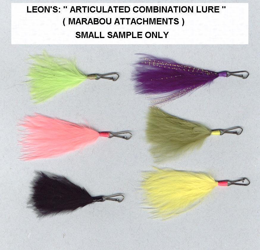 Rather than send a pattern, Leon found it easier to describe his articulation method better with images. Click on the links below.[ Tying The Loops on the Hook |Hook Preparation | Lead Patterns| Sample Marabou Attachments | Various Hook Combinations ]
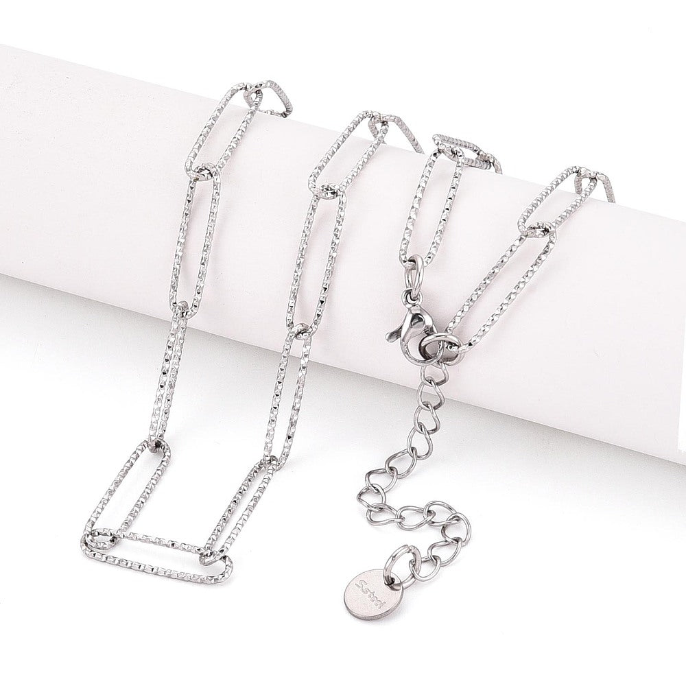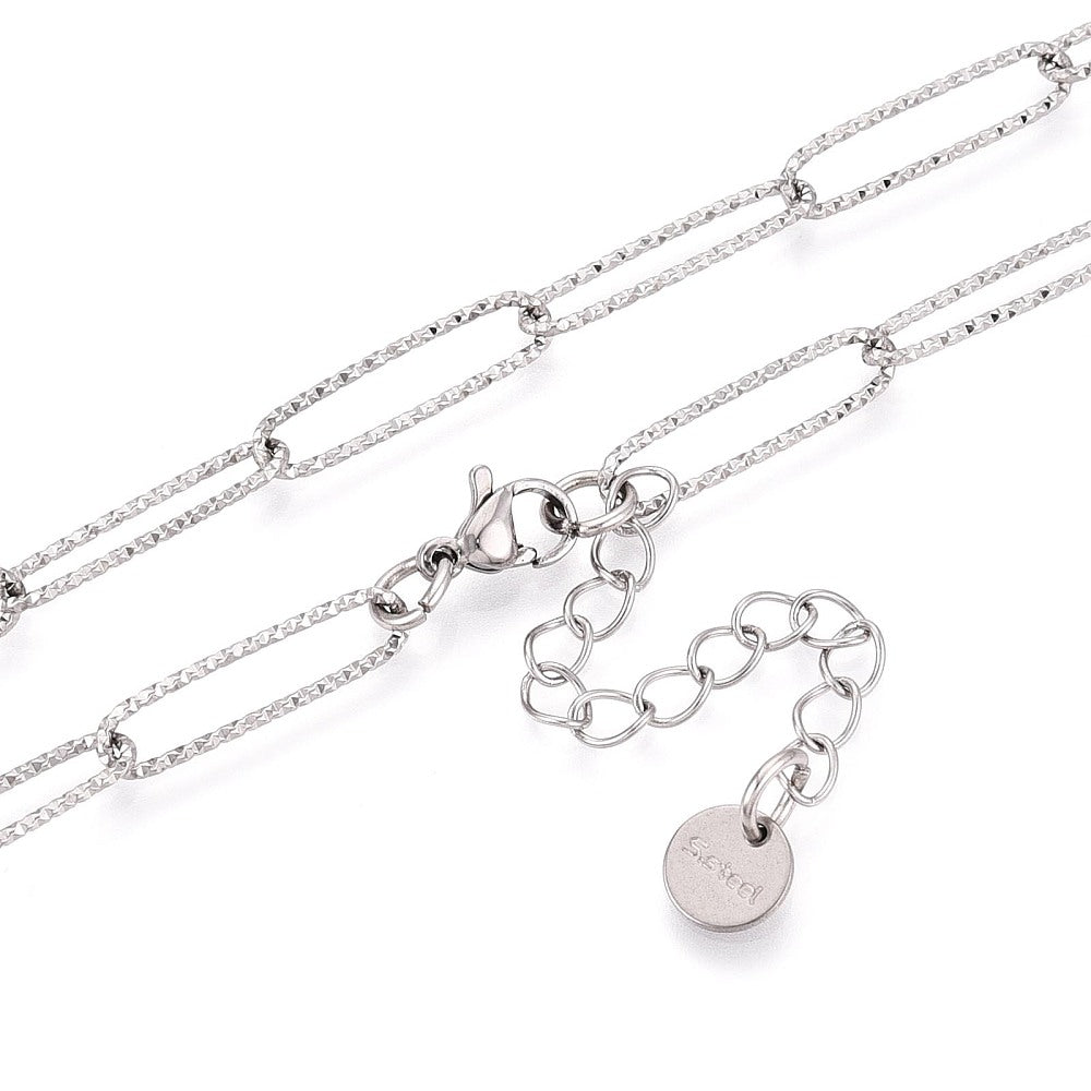 Collier chaîne trombone en acier inoxydable 304 anti-ternissement, couleur inoxydable, 15.75 pouce (40 cm) ~ 15.94 pouces (40.5 cm)
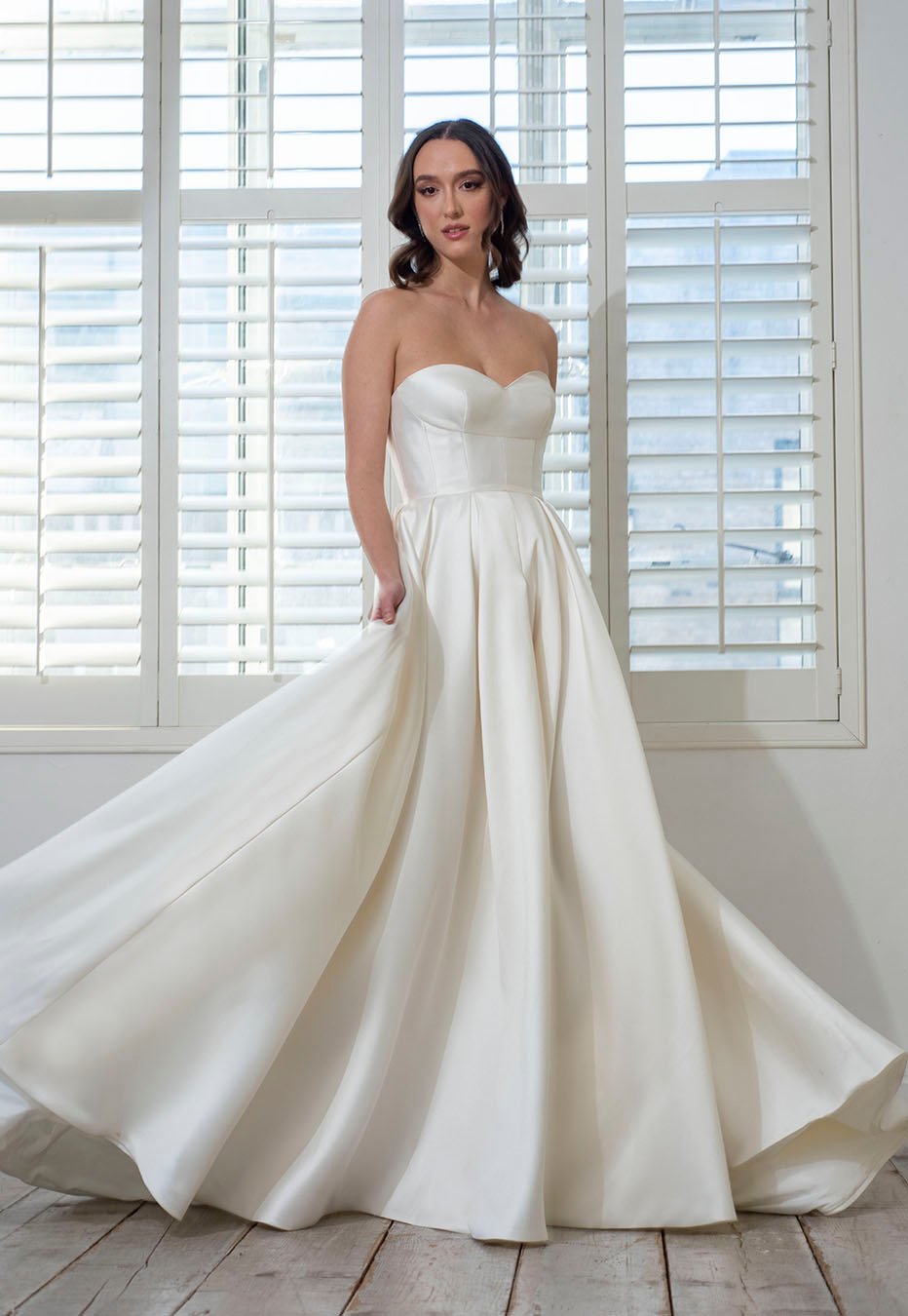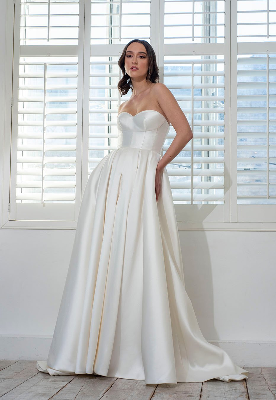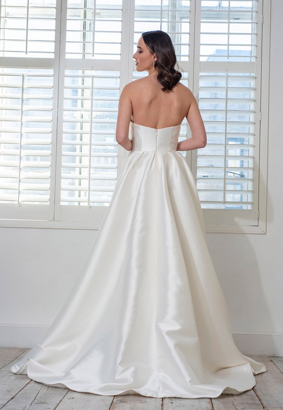 Mikado Contemporary dress with a fitted bodice and full split skirt with train.
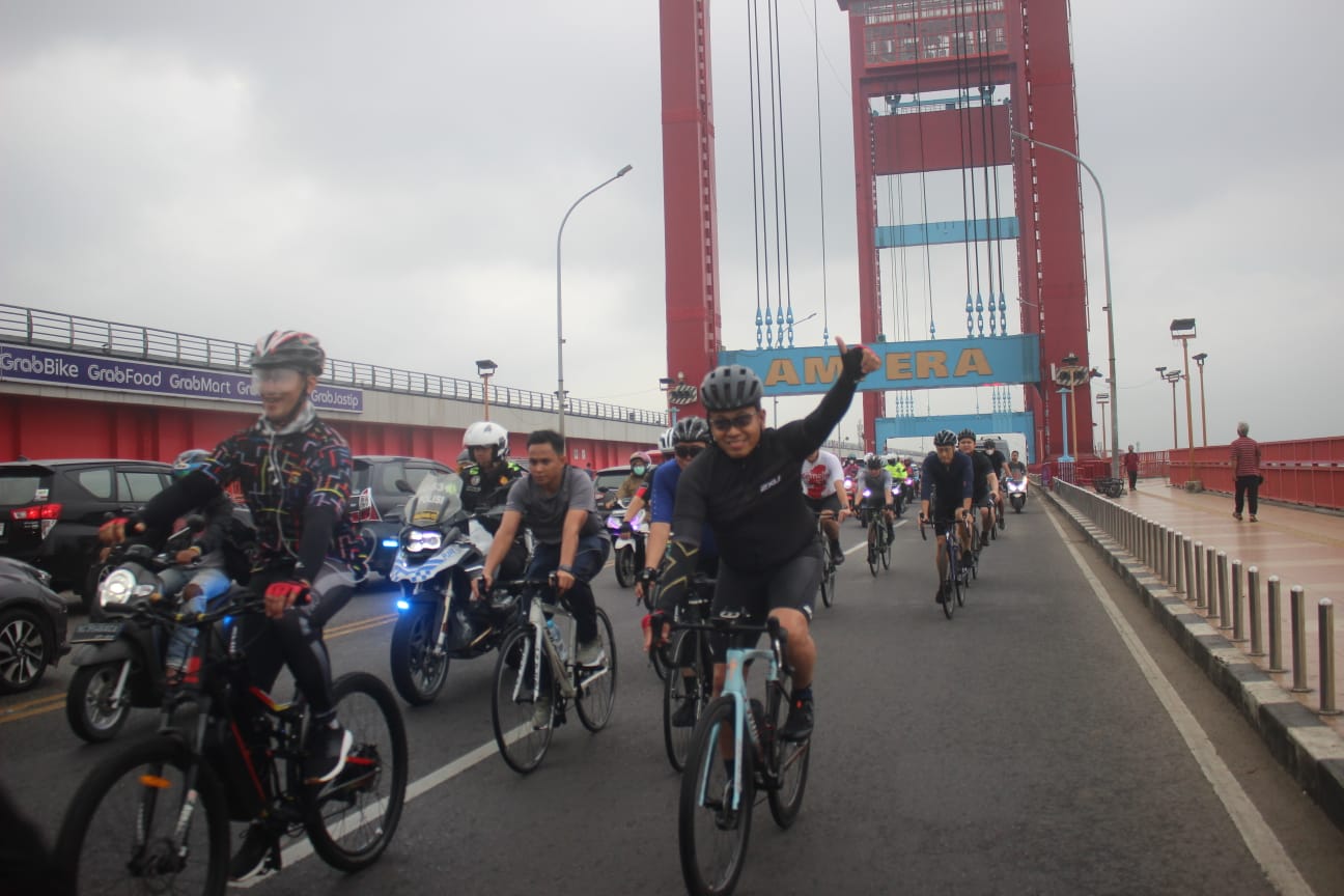 Para petinggi Polri tersebut sambil mengayuh sepeda bersama sembari menikmati kesegaran udara pagi dan keindahan kota Palembang serta menyempatkan diri berswa foto di jembatan Ampera kebanggaan Wong Palembang .
###
**YOUR GOAL**
Write out everything in the data word for word. Omit each picture.

**RESPONSE AREA**
 Rather than send a pattern, Leon found it easier to describe his articulation method better with images. Click on the links below.[ Tying The Loops on the Hook |Hook Preparation | Lead Patterns| Sample Marabou Attachments | Various Hook Combinations ]
 Collier chaîne trombone en acier inoxydable 304 anti-ternissement, couleur inoxydable, 15.75 pouce (40 cm) ~ 15.94 pouces (40.5 cm)
 Mikado Contemporary dress with a fitted bodice and full split skirt with train.
 Para petinggi Polri tersebut sambil mengayuh sepeda bersama sembari menikmati kesegaran udara pagi dan keindahan kota Palembang serta menyempatkan diri berswa foto di jembatan Ampera kebanggaan Wong Palembang .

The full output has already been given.